Ikuti
Bab
Bagikan
Sampul Novel Cintaku Terhenti Di Kamu

Cintaku Terhenti Di Kamu

Putra Prayoga berubah menjadi pria dingin yang gemar mempermainkan wanita setelah Elena Nugroho memutuskan hubungan secara sepihak. Elena terpaksa berbohong tentang pernikahan karena perbedaan status sosial, lalu menghilang ke luar negeri. Lima tahun berlalu, takdir mempertemukan mereka kembali. Namun, kasih sayang Putra telah berganti menjadi kebencian mendalam. Elena kini bimbang, apakah ia harus mengungkap kebenaran di balik perpisahan itu atau tetap memendam cintanya.
Bab
Bagikan

Bab 3

Antoni mendengarkan penjelasan dari Elena dengan seksama.
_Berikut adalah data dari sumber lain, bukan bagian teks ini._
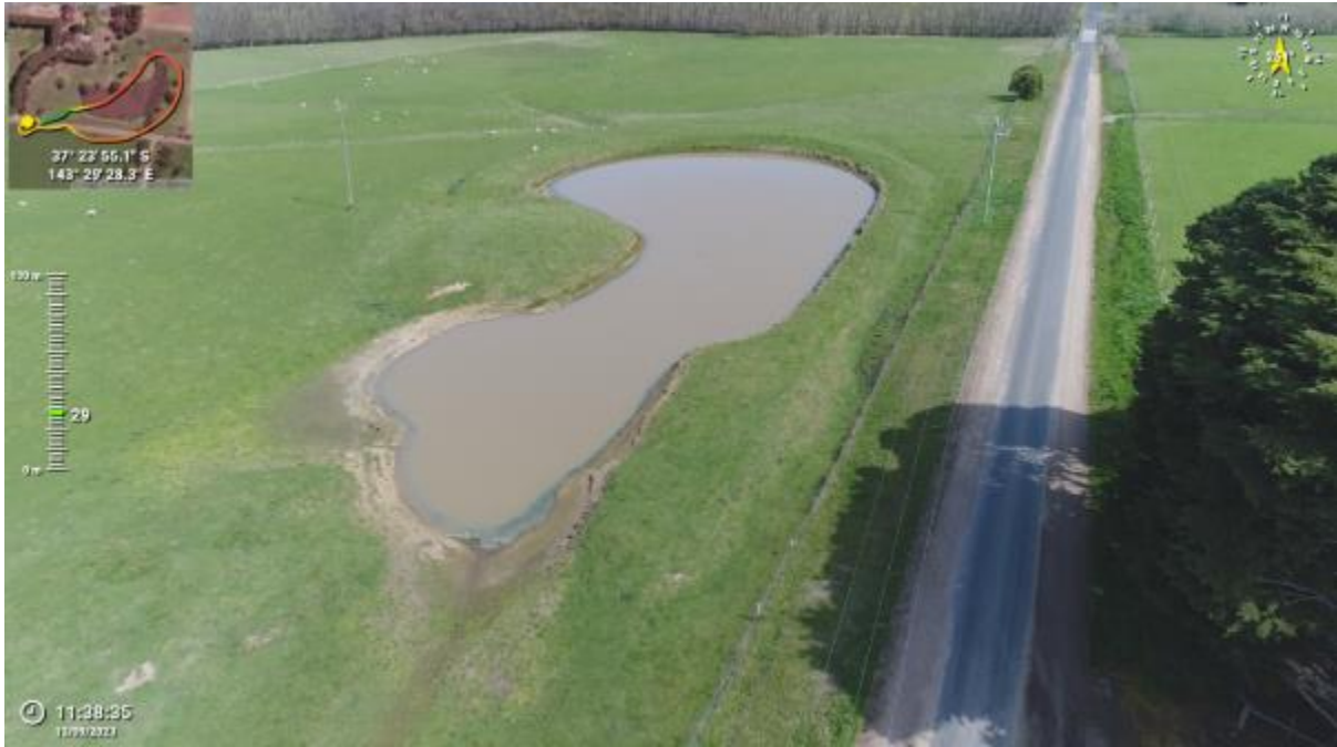
Appendix Plate 127. Waterbody 109; Low habitat quality (Ecology and Heritage Partners Pty Ltd 09/2023).
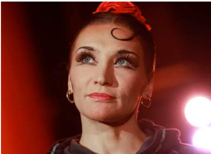
Nadezhda Gracheva

December 21 — Bolshoi ballet master, Bolshoi ballet dancer 1988-2011, National Artist of Russia, Nadezhda Gracheva - anniversary.
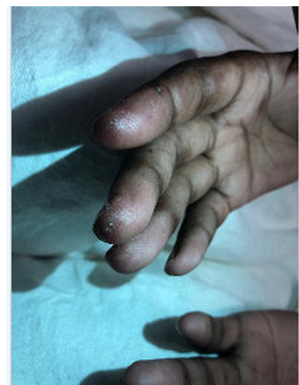
Figure 3 Distal digital hyperkeratosis with pinpoint pitting in the centre of the finger pad.
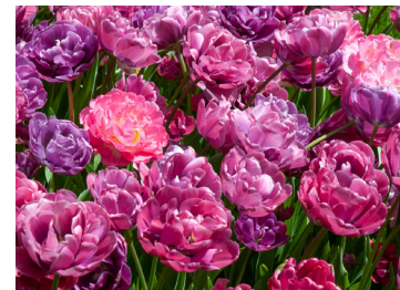
Tulip Beyond Baroque™ Blend
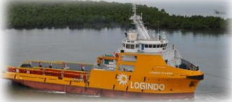
70m 8,160hp AHTS, 110 tons BP
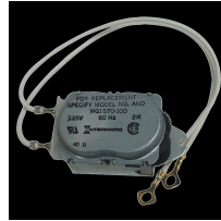
WG1570-10DMX 125 VAC, 60 Hz Motor for T101, T103, T105
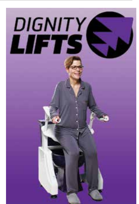
Deluxe Toilet Lift - DL1 <sup>$</sup>1799<sup>.00</sup> www.DignityLifts.com
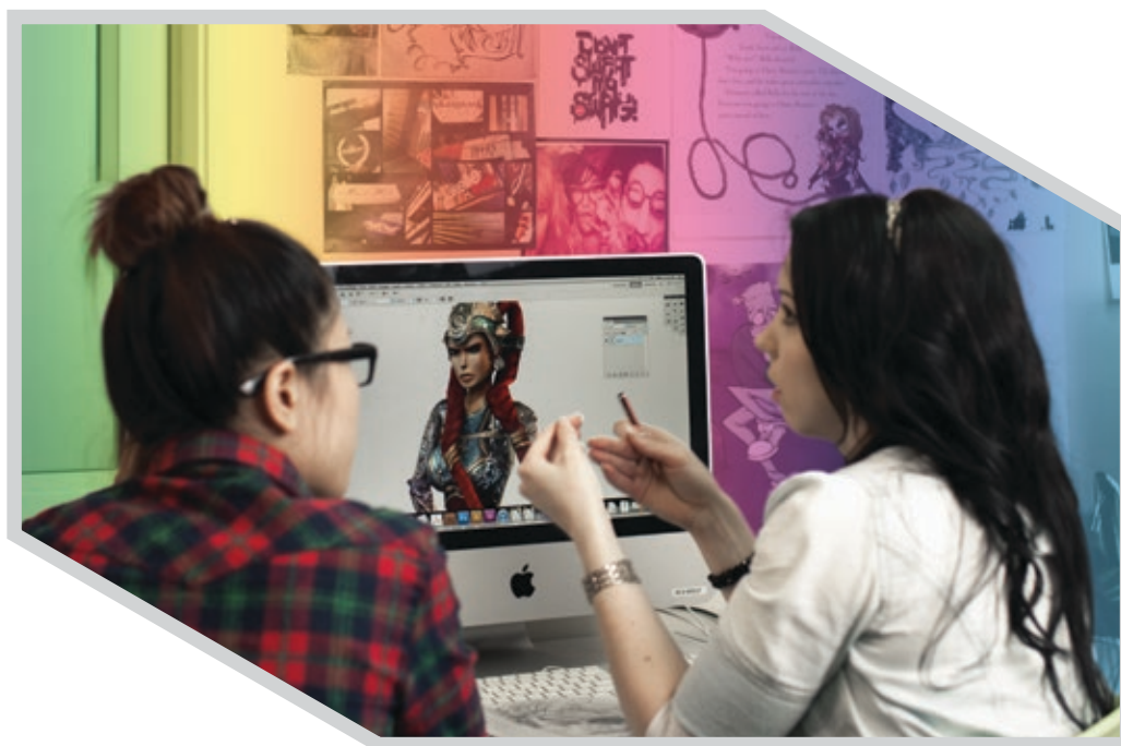
YOOBEE SCHOOL OF DESIGN
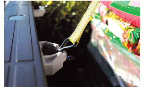
Bed Cleat $70.50

A custom-designed system with 400 watts of heating power not only warms a vehicle up quicker but also reduces engine strain and wear. The heater also saves fuel and battery power during start-ups. With the socket conveniently integrated into the front valance, the Plug-In Block Heater has a factory finished look. It comes with both a main 8-foot and spare 18-inch power supply cord, with a 16-foot cord available separately.
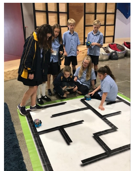
Trip to MOTAT and MindLab

“How does your life show what you believe?”
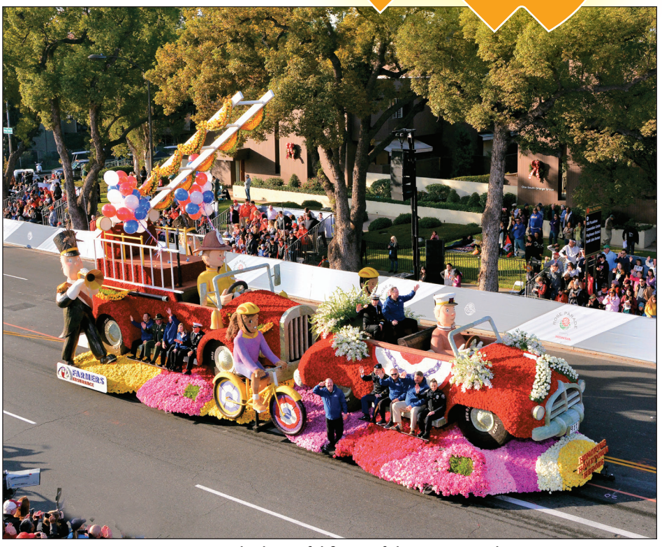
Experience the beautiful floats of the Rose Parade

New Tour Highlight: The Academy of Motion Pictures - a cultural institution dedicated to the history and art of filmmaking.
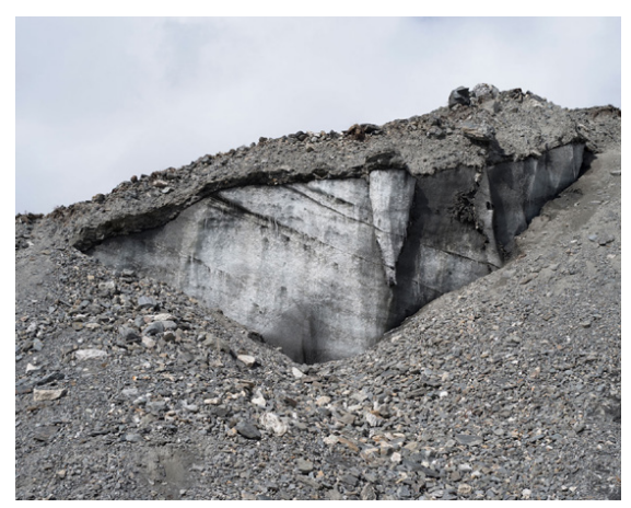
The Imja-Lhotse Shar Glacier in Soulkhumbu, Nepal, is one of the glaciers experiencing the highest rate of loss in the Mount Everest region.

The earth has entered a dangerous new era of climate impacts now that global warming is reaching 1.1°C above pre-industrial levels. <sup>27</sup>
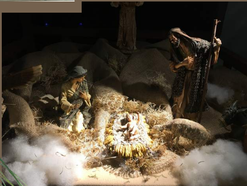
Crèche scene from our Motherhouse in Alma, Michigan
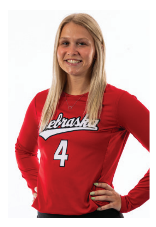
S • So. • 5-9 Waverly, Neb. Waverly
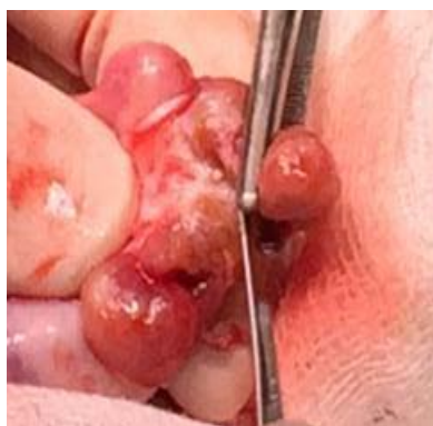
Figure 2: Gross examination of the orchietomy specimen: multiple lobulated testicular lesions (brown in cut section).
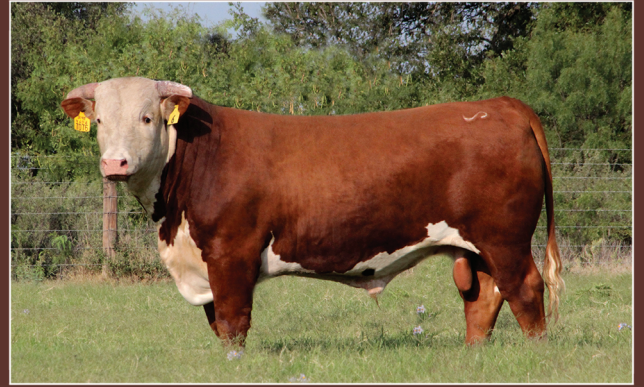
LOT 6 · JP HARLAND 7076

•EPDs - BW 4.3 WW +59 YW +97 Milk +20 M&G +50 REA 14.57 %Fat 3.3
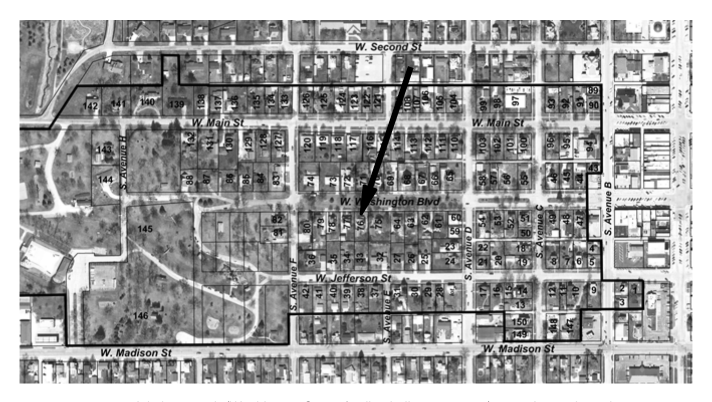
2009 aerial photograph (Washington County) – line indicates survey/research area boundary
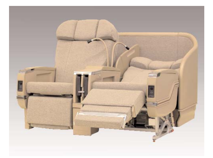
Double privacy compartment • Realisation
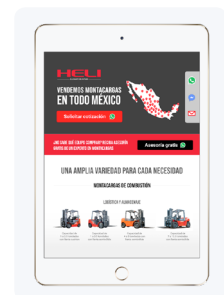
HELI Forklift Landing page
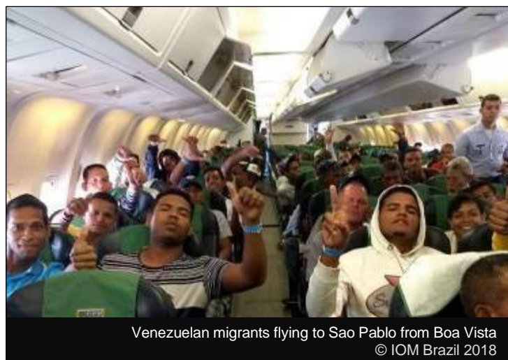
Venezuelan migrants flying to Sao Pablo from Boa Vista

IOM supported the Government of Brazil in the first round of voluntary internal relocation of Venezuelan nationals, which re-located 265 Venezuelan nationals from Roraima to other states in the country. IOM country office in Brazil was officially established only in 2016 but has already increased its operational capacity and field presence and has since been fully engaged in the response to the arrival of Venezuelan nationals in Roraima.
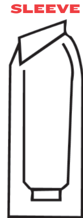
CIRCLE ONE Right Left

5 Cost Per Order Refer to price chart on next page.
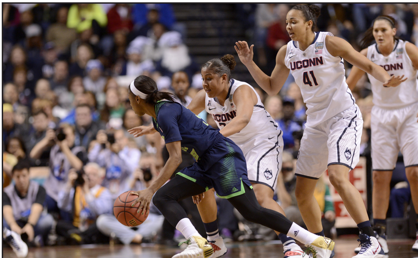
The 2014 national championship game featured two undefeated teams in UConn and Notre Dame and drew a 2.8 rating on ESPN.

2008 The championship bracket remained at 64 teams, with 31 eligible conferences awarded automatic qualification.
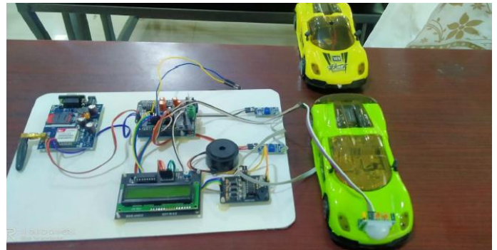
Fig 2: Complete Working Model of reducing the noise pollution caused by honking of vehicles

Sesekali dia menyodorkan tisu kearah wanita itu. Sesekali dia mengelus punggung Elena menenangkan. 

"Jadi, kamu ingin meminta bantuan apa kepadaku?" tanya Antoni.

"Saat nanti Putra menghubungiku, bisakah kamu katakan jika kamu adalah calon suamiku dan minta dia untuk melupakan aku, jangan biarkan dia mencariku lagi," pinta Elena.

"Apakah kamu yakin? Bukankah seharusnya kamu mempertahankan cintamu untuk Putra," sela Antoni saat mendengar ide Elena.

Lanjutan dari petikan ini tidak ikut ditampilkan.